Petropedetes euskircheni
- Conservation status: Endangered (IUCN 3.1)

Scientific classification
- Kingdom: Animalia
- Phylum: Chordata
- Class: Amphibia
- Order: Anura
- Family: Petropedetidae
- Genus: Petropedetes
- Species: P. euskircheni
- Binomial name: Petropedetes euskircheni Barej et al., 2010

= Petropedetes euskircheni =

- Authority: Barej et al., 2010
- Conservation status: EN

Species of frog

Map of Cameroon where Petropedetes euskircheni are found.

Petropedetes euskircheni is a species of African torrent frog found in Cameroon.

== Description ==
It is a marbled brown frog. They have a thin white band between the eyes. The underside is white.

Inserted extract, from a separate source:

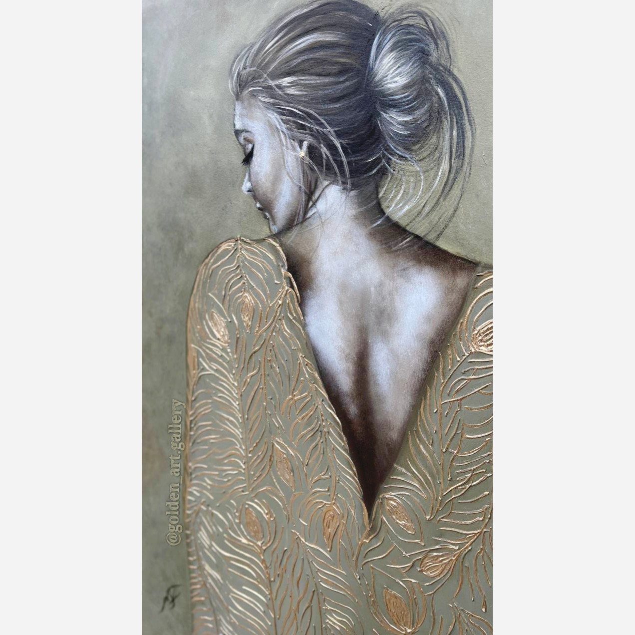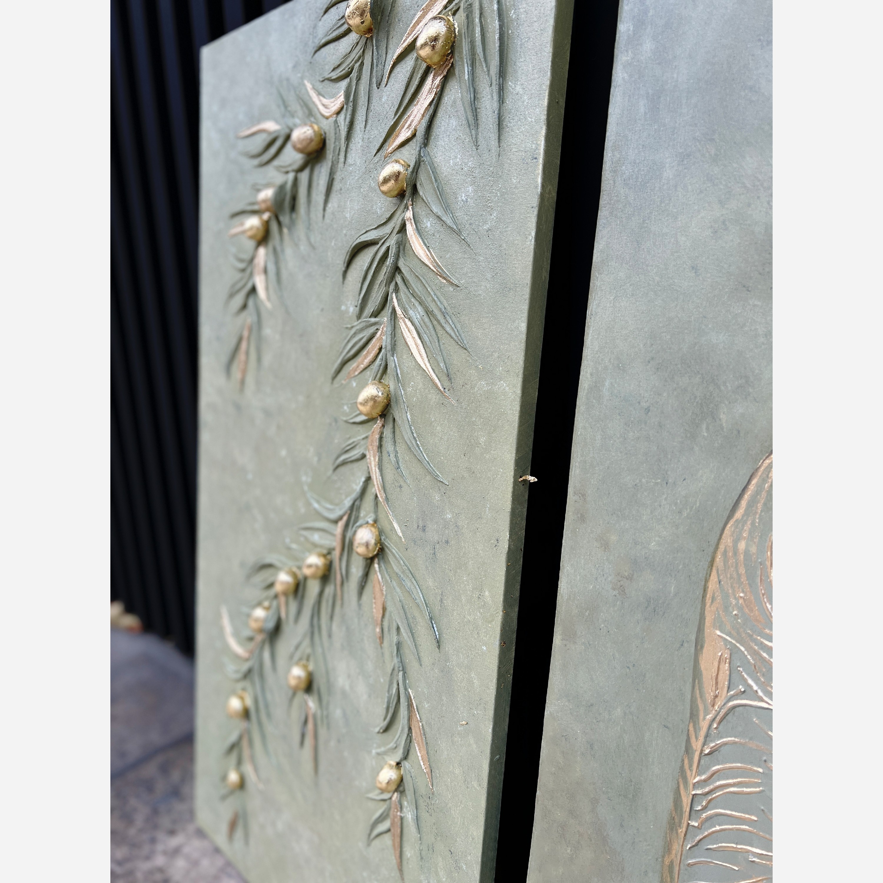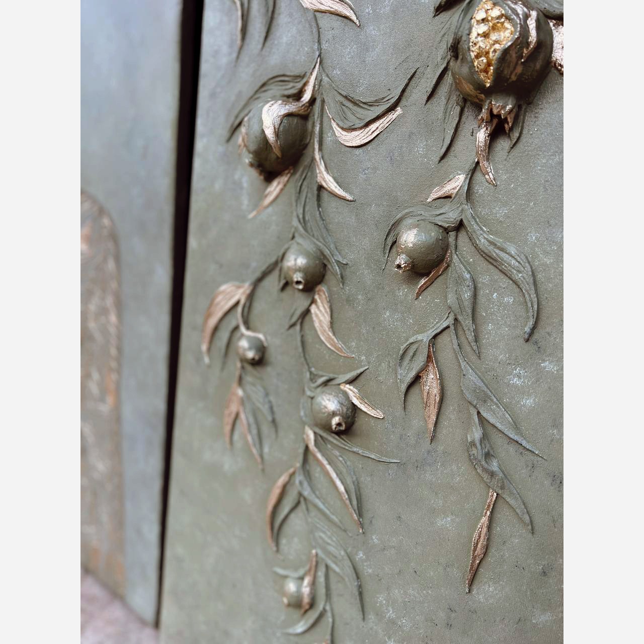 تابلو نقاشی برجسته سه تکه اجرا شده روی بوم نقاشی درجه یک کانواس با زوار چوب روس ابعاد تابلو وسط 80×60 و دوتای کناری 80×40 لباس زن برجسته کار شده و شاخه های انار و زیتون برجسته شده با رنگ روغن نقاشی شده با ورق طلا درجه یک کار شده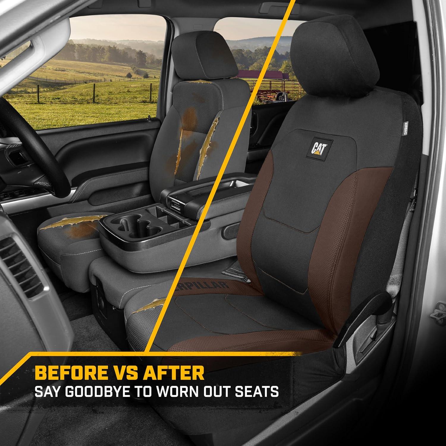 DURABLE PROTECTION: From job sites to daily drives, CAT Car Seat Covers provide reliable, long-lasting defense against wear and tear. Designed to enhance your vehicle's interior, these durable covers protect against spills, sweat, dirt, and normal wear and tear, while offering a sleek, refreshed look by covering up old, worn-out seats.

== Distribution and ecology ==
Petropedetes euskircheni is only found in two confirmed places: Mt. Kupe and Mt. Nlonako. The two localities have some but little genetic variation but can not be distinguished by their colors or morphometrics. The elevations they have been found in are 910–1652 m. They can be found in rapid-flowing streams and on steep rocks. They can also be found sitting on the nearby vegetation in a height of 20–180 cm.

== Etymology ==
The name "euskircheni" is a patronym of Oliver Euskirchen.